Working data:
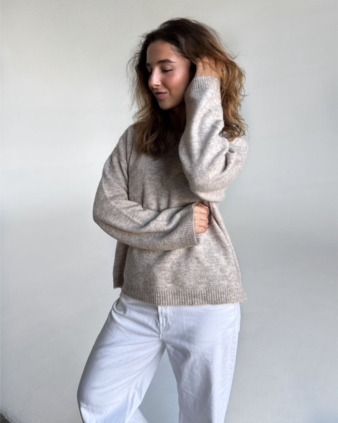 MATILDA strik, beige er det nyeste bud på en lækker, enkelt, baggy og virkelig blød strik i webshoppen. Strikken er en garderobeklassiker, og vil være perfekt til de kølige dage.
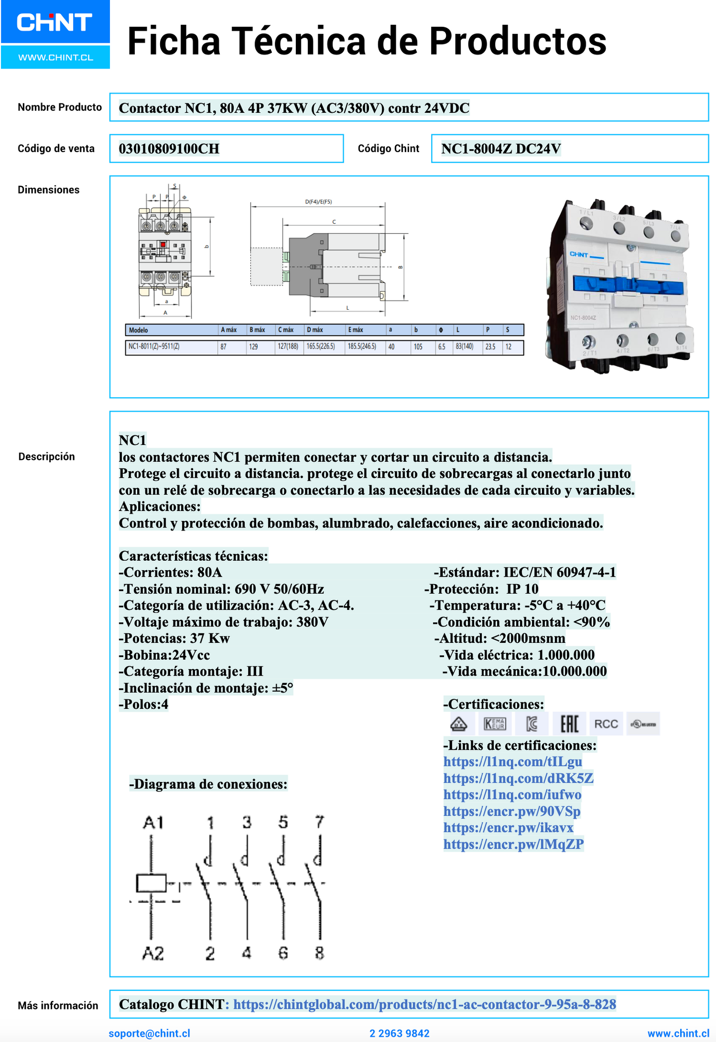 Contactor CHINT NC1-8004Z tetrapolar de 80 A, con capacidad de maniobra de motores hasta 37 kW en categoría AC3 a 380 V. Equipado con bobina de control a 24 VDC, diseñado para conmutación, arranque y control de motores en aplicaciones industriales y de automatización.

* * *

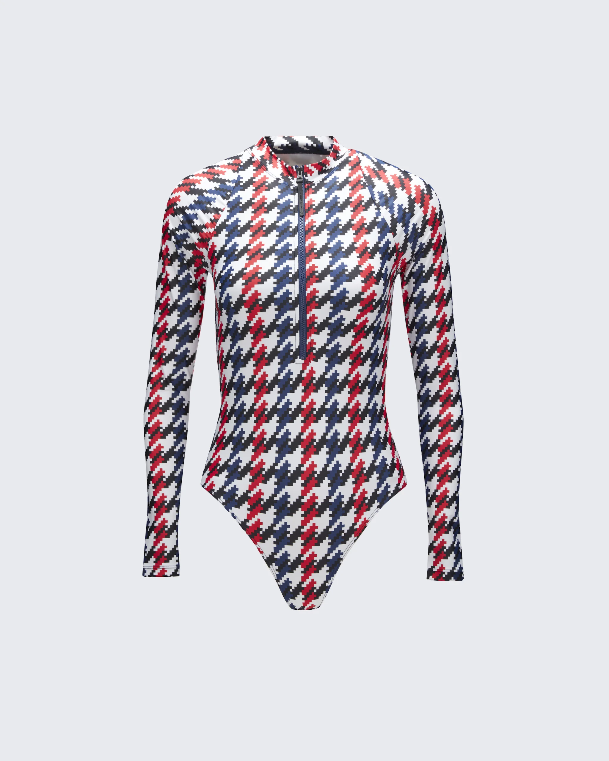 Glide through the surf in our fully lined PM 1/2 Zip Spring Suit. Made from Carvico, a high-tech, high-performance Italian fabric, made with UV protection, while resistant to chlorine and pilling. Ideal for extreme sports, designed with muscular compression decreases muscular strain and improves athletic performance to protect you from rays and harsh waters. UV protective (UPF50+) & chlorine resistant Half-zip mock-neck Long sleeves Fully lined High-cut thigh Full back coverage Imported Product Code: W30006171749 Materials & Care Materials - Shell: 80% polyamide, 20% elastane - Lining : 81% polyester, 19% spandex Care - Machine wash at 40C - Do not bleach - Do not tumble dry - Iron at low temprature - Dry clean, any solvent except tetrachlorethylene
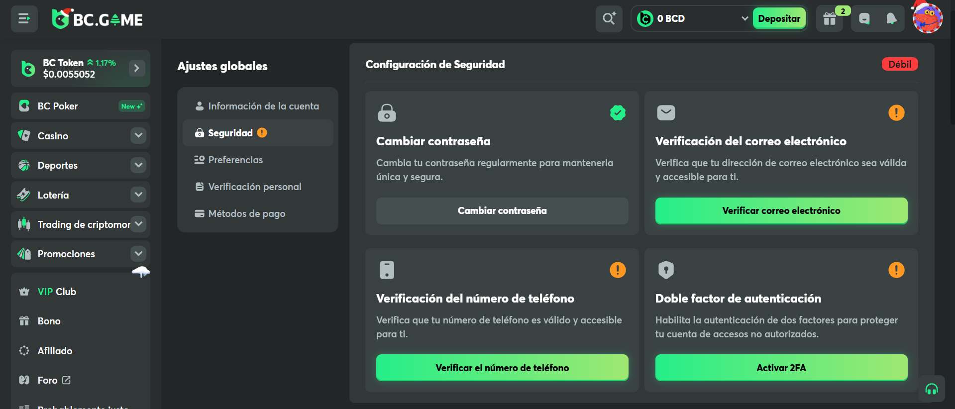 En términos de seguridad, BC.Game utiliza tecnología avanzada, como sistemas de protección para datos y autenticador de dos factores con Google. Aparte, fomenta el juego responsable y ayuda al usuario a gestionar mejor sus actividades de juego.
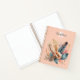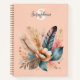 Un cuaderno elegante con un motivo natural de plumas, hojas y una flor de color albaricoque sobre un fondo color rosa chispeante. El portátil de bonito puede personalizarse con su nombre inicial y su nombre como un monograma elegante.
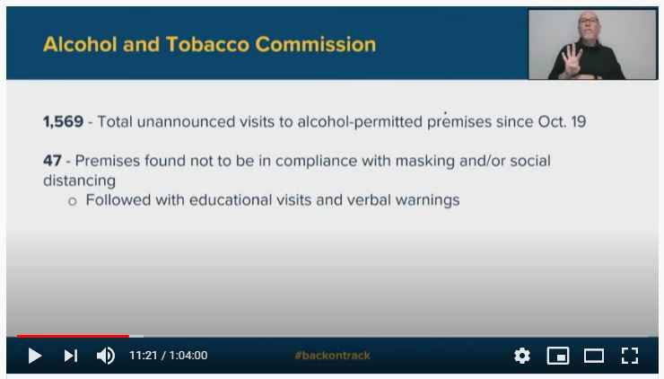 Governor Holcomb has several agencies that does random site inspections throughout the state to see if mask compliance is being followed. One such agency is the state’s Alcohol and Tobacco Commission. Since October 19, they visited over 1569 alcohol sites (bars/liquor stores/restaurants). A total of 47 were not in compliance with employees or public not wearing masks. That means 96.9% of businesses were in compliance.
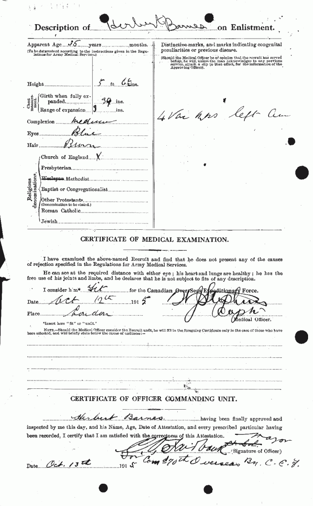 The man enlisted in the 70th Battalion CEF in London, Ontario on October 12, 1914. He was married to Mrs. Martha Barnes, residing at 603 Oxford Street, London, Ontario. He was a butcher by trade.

--

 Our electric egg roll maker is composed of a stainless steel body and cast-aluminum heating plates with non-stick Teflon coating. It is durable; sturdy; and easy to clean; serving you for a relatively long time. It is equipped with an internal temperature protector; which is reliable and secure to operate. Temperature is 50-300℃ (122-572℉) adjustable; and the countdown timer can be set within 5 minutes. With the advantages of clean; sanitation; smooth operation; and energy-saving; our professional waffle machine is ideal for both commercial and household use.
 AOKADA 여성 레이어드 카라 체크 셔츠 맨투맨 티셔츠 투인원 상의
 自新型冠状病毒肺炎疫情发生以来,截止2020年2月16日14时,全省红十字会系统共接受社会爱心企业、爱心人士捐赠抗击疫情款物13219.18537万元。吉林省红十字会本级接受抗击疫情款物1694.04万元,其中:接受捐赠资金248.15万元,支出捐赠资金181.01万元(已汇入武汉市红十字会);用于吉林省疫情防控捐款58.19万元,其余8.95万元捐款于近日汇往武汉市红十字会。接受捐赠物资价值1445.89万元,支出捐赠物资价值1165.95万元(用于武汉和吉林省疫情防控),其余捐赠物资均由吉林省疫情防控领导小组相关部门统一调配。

Work order: In the material above, locate the line containing "AOKADA 여성 레이어드 카라 체크 셔츠 맨투맨 티셔츠 투인원 상의" and the line containing "自新型冠状病毒肺炎疫情发生以". Transcribe exactly those two lines and every line between them, and nothing more.

Finished task:
 AOKADA 여성 레이어드 카라 체크 셔츠 맨투맨 티셔츠 투인원 상의
 自新型冠状病毒肺炎疫情发生以来,截止2020年2月16日14时,全省红十字会系统共接受社会爱心企业、爱心人士捐赠抗击疫情款物13219.18537万元。吉林省红十字会本级接受抗击疫情款物1694.04万元,其中:接受捐赠资金248.15万元,支出捐赠资金181.01万元(已汇入武汉市红十字会);用于吉林省疫情防控捐款58.19万元,其余8.95万元捐款于近日汇往武汉市红十字会。接受捐赠物资价值1445.89万元,支出捐赠物资价值1165.95万元(用于武汉和吉林省疫情防控),其余捐赠物资均由吉林省疫情防控领导小组相关部门统一调配。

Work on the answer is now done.